◆ **Your task**
Word for word, print each line of the listing below; pictures stay out.

◆ **Available data**
-- Opening Marker --

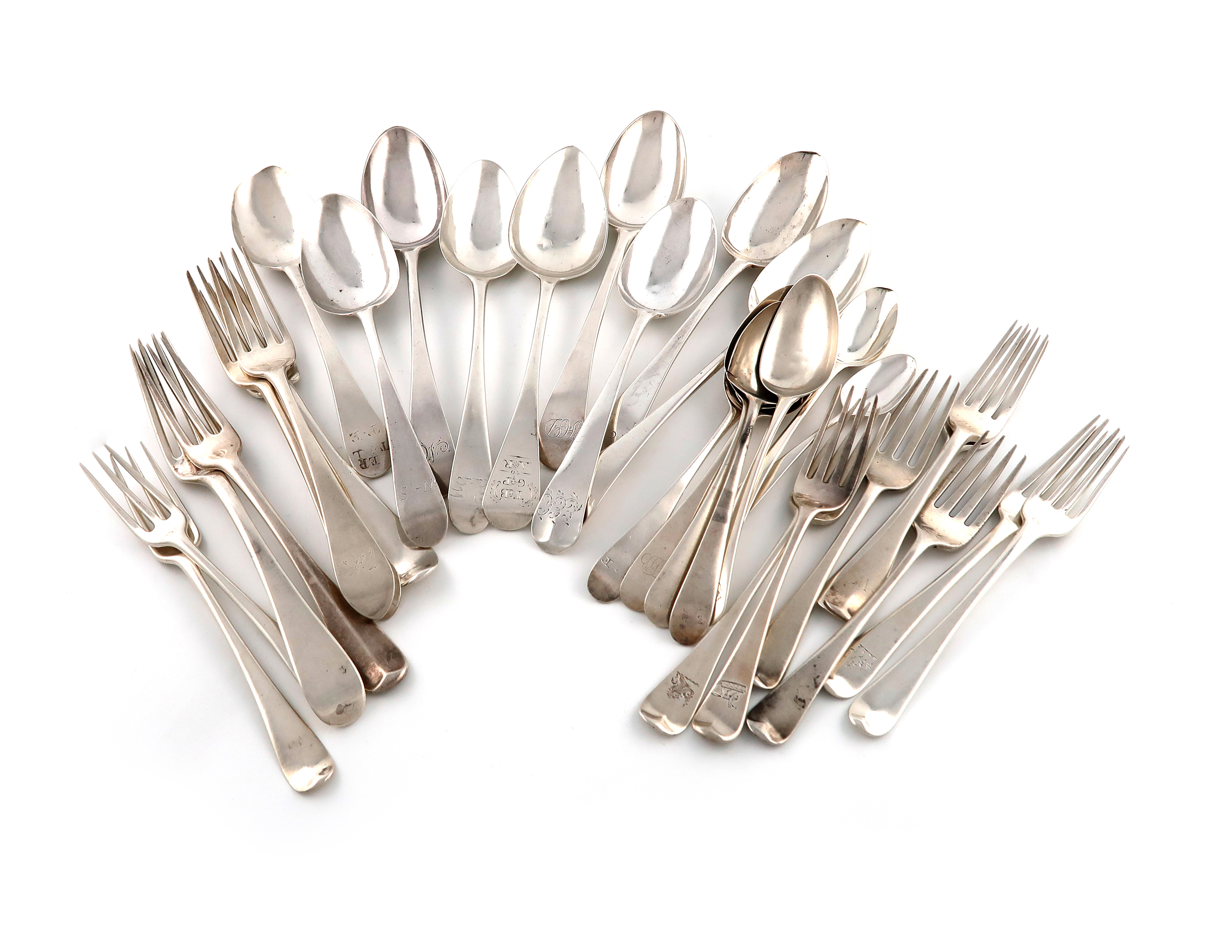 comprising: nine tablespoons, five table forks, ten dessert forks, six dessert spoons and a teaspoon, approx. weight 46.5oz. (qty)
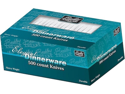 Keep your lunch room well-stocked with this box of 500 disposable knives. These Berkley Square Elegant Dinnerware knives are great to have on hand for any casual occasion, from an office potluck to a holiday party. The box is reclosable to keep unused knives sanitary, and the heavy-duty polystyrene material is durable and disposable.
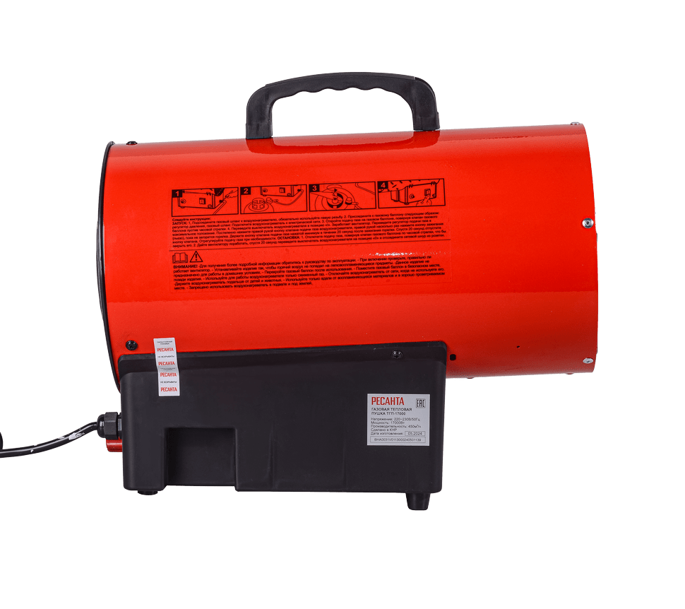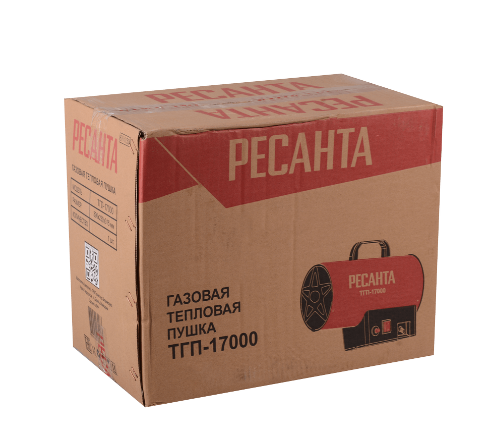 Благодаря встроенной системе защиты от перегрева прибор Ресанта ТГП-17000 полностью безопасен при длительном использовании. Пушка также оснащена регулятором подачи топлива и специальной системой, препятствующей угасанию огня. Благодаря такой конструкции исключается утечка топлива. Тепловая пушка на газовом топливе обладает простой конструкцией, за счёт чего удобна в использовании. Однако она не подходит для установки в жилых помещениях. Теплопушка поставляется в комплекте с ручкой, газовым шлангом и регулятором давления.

-- Closing Marker --

◆ **Written reply**
 comprising: nine tablespoons, five table forks, ten dessert forks, six dessert spoons and a teaspoon, approx. weight 46.5oz. (qty)
 Keep your lunch room well-stocked with this box of 500 disposable knives. These Berkley Square Elegant Dinnerware knives are great to have on hand for any casual occasion, from an office potluck to a holiday party. The box is reclosable to keep unused knives sanitary, and the heavy-duty polystyrene material is durable and disposable.
 Благодаря встроенной системе защиты от перегрева прибор Ресанта ТГП-17000 полностью безопасен при длительном использовании. Пушка также оснащена регулятором подачи топлива и специальной системой, препятствующей угасанию огня. Благодаря такой конструкции исключается утечка топлива. Тепловая пушка на газовом топливе обладает простой конструкцией, за счёт чего удобна в использовании. Однако она не подходит для установки в жилых помещениях. Теплопушка поставляется в комплекте с ручкой, газовым шлангом и регулятором давления.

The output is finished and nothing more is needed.